Die Innenminister des Bundes und der Bundesländer haben auf ihrer Innenministerkonferenz (IMK) im November 2018 beschlossen, ein einheitliches Identitätsregister für alle deutschen Staatsbürger einzurichten. Das wurde damals öffentlich nicht thematisiert, geschweige denn kritisch hinterfragt.

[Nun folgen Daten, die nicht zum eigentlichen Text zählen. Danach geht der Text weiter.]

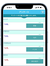 機能一覧feature listお客様とつながる機能 プッシュ通知 会員ログイン ポイント クーポン スタンプ アンケート魅力を発信できる機能 電子カタログ ギャラリー ウエブビュー 多店舗機能 お友達紹介管理に便利な機能 コントロールパネル デザインテンプレート ページ作成機能 プレビュー機能 ログ分析アンケート収集した情報でターゲットを絞って情報配信アプリでアンケートを収集してアプリユーザーの属性情報を取得することができます。 (名前・性別・年代・誕生月・都道府県・未婚既婚の他、10項目の追加が可能。) 取得した属性情報をもとにセグメントプッシュ通知することで、必要な方だけに情報 を届けることができます。 Next ⇨
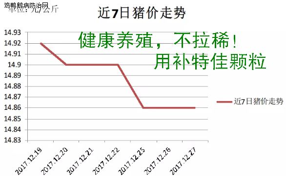 据鸡鸭鹅病防治监测,2017年12月28日全国外三元生猪均价为15.06元/公斤,较昨日下跌0.01元/公斤;仔猪均价为30.57元/公斤,较昨日持平;今日白条肉均价21.03元/公斤,较昨日下降0.01元/公斤。今日猪料比价为5.62:1,较昨日持平;猪粮比8.78:1,较昨日减少0.01。
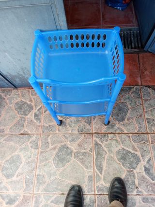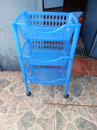 De plástico con tres cajoneras y con ruedas. Desmontable
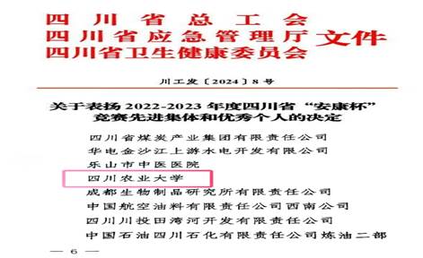 近日从省教科文卫工会获悉,省总工会、省应急管理厅、省卫生健康委员会联合发文表扬2022-2023年度四川省“安康杯”竞赛先进集体和优秀个人,我校获评四川省“安康杯”竞赛优胜单位。全省受表彰的78个企事业单位中,我校是唯一获得此殊荣的高校。
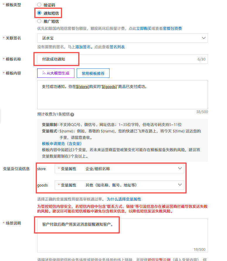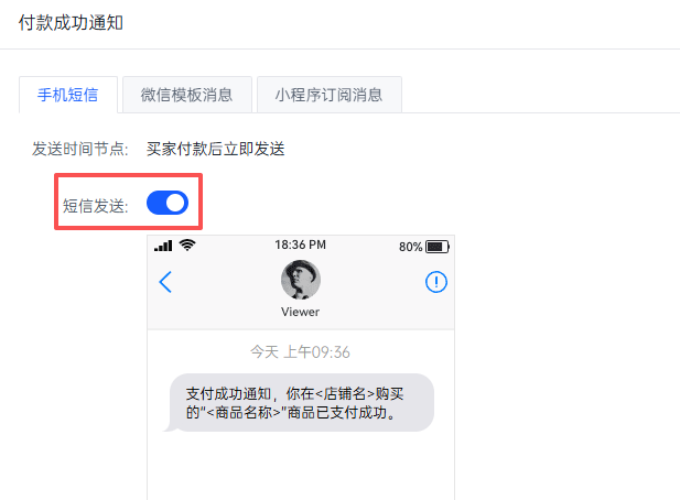 2.开启付款成功通知短信,复制“支付成功通知,你在${store}购买的“${goods}”商品已支付成功。”
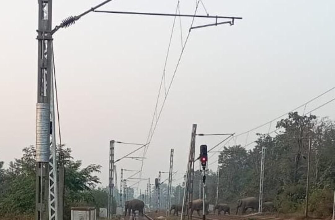 रेल लाइन पर हाथियों का झुंड पहुंचा, ट्रैक मेंटेनरों में मचा हड़कंप
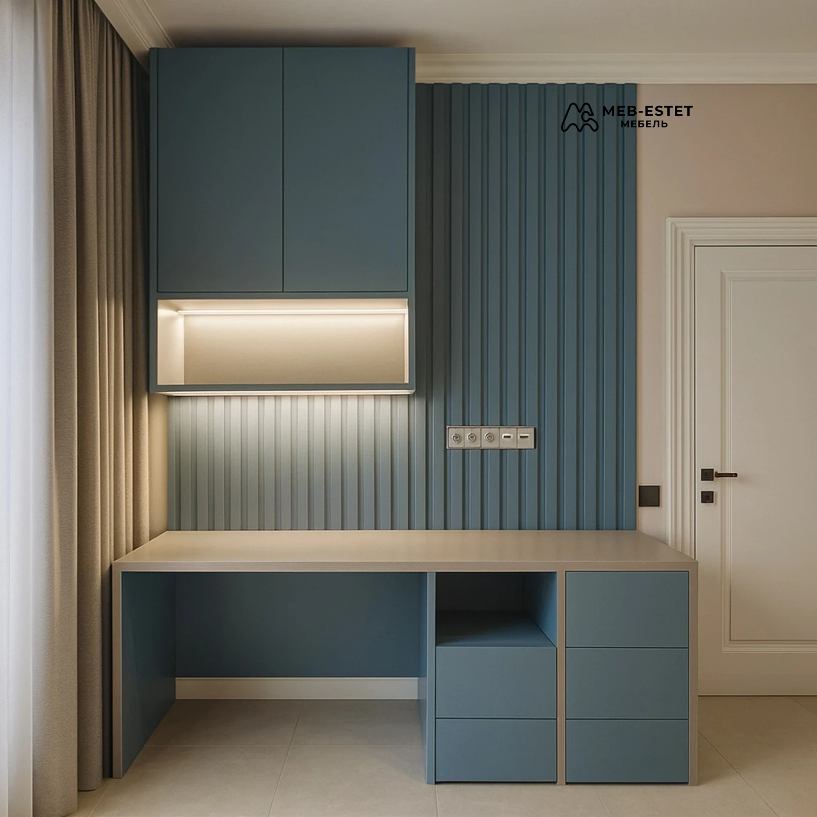 Компактная рабочая зона с навесным шкафом и тумбой, выполненная из МДФ с матовой поверхностью в сине‑бежевой гамме. Чёткие минималистичные фасады без видимых ручек и интегрированная подсветка создают аккуратный функциональный модуль для кабинета или гостиной.
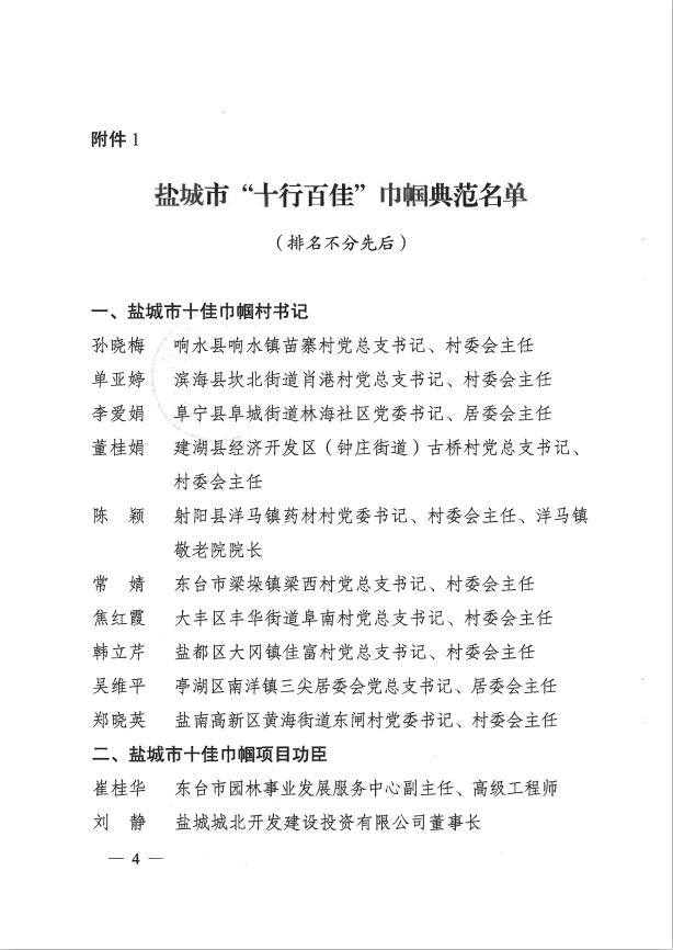近日,鹽城市婦女聯合會發布《關于表揚鹽城“十行百佳”巾幗典范暨鹽城市三八紅旗手的通報》,袁欣同志榮獲“鹽城市十佳巾幗項目功臣”“鹽城市三八紅旗手”榮譽稱號。
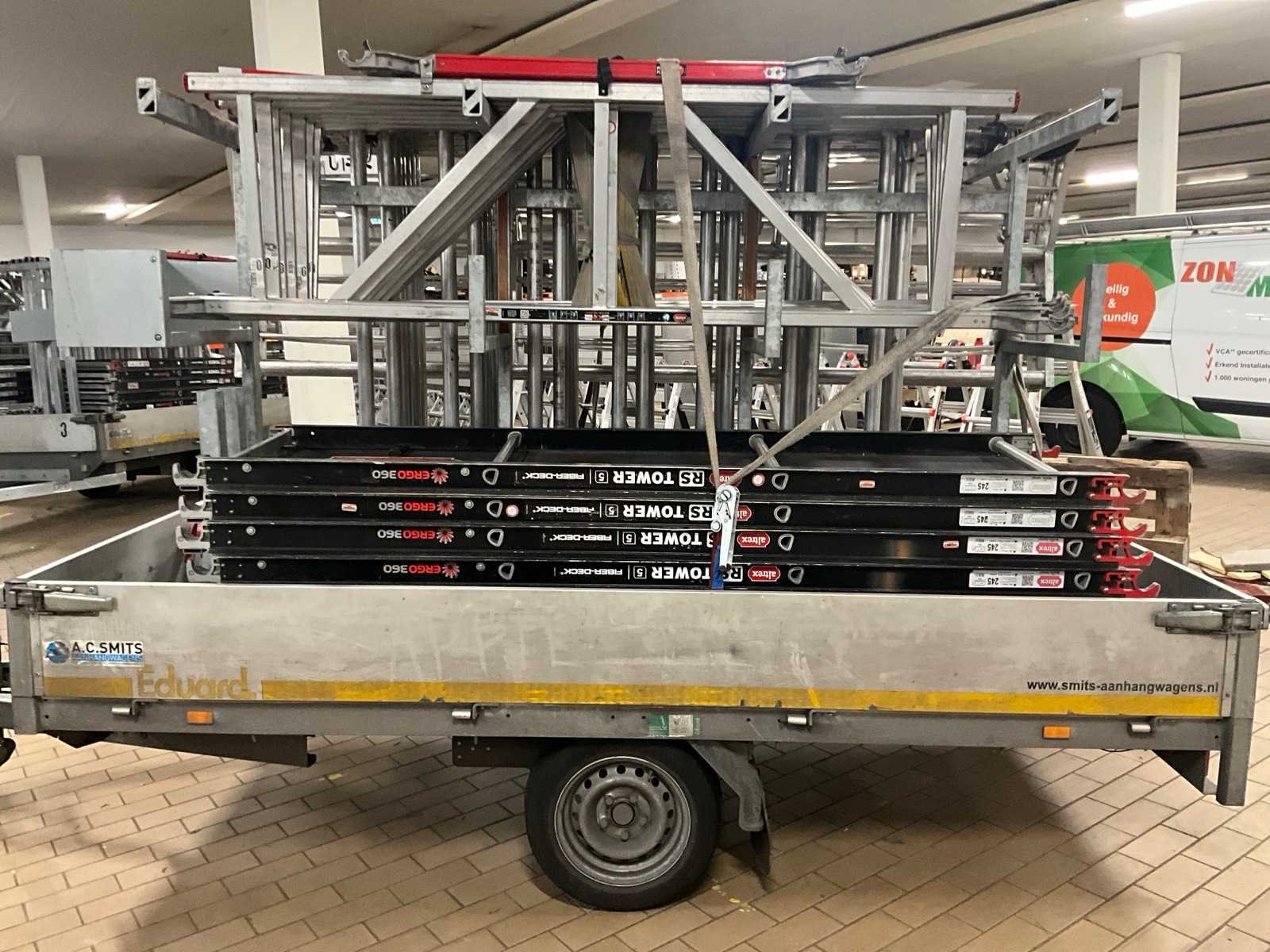 Inclusief steigerbok met 5x Altrex RS Tower 5 fiber deck 60x240cm, 7x Altrex safe quick 2 voorloopleuning 245cm, 8x Altrex RS Tower 5 opbouwframe 130x200cm, Altrex stabilisatoren, Altrex wielen en 3x RSS dakrandbeveiliging 100x300cm Nee Merk: Eduard Type: P3 Bouwjaar: 2021 Chassisnummer: YC3EDUARD21138304 Aantal assen: 1 Laadbak afmeting l: 310cm Laadbak afmeting b: 160cm Ledig gewicht: 334kg Laadvermogen: 1166kg Datum eerste toelating: 2021-11-04 Datum eerste toelating (NL): 2021-11-04 Kenteken: 88-WBL-5
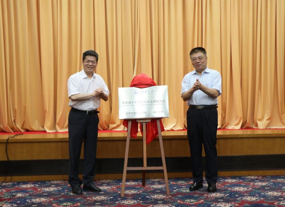 2019年7月10日,住房和城乡建设部与调教动漫 共同发起的中国城乡建设与社区治理研究院在北京宣布成立。住房和城乡建设部党组书记、部长王蒙徽,校党委书记邓卫共同为研究院揭牌。住房和城乡建设部副部长黄艳主持相关活动。调教动漫 院长屈茂辉代表调教动漫 参加了揭牌仪式。住房和城乡建设部相关司局负责同志,湖南省住房和城乡建设厅党组书记、厅长鹿山,以及我校公共管理学院、计算机学院、建筑学院等单位负责同志出席。
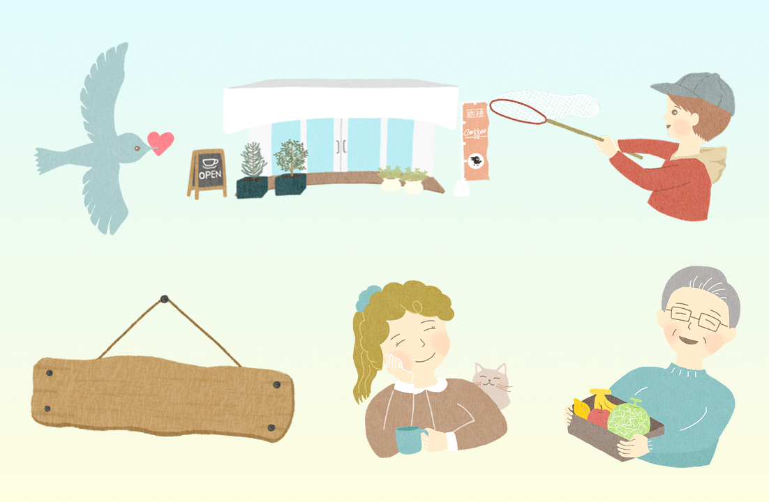 - 地域の人々のつながりや拠点としてのカフェを家のイラストで表現

Erst nun, nachdem nach Beendigung der letzten IMK von Anfang Dezember 2019 ein vom Bundesinnenministerium (BMI) verfasster „Zwischenbericht“ einer dazu eingerichteten Arbeitsgruppe („Bund-Länder-Arbeitsgruppe Registerübergreifendes Identitätsmanagement – BLAG“) veröffentlicht wurde, regt sich etwas Widerstand, wenn auch noch sehr zaghaft. Der Grund: Die Arbeitsgruppe empfiehlt, die in 2007 eingeführte Steuer-Identifikationsnummer (Steuer-ID) als eineindeutige Kern-Kennziffer (Personenkennziffer, „Identifier“) für den Aufbau des so genannten „Identitätsregisters“ zu verwenden. Das ist genau das, wovor Datenschutzbeauftragte und zivilgesellschaftliche Gruppen damals gewarnt hatten, wobei deren Kritik stets mit dem Argument in den Wind geschlagen wurde, dass so etwas keineswegs beabsichtigt sei und niemals verwirklicht werde.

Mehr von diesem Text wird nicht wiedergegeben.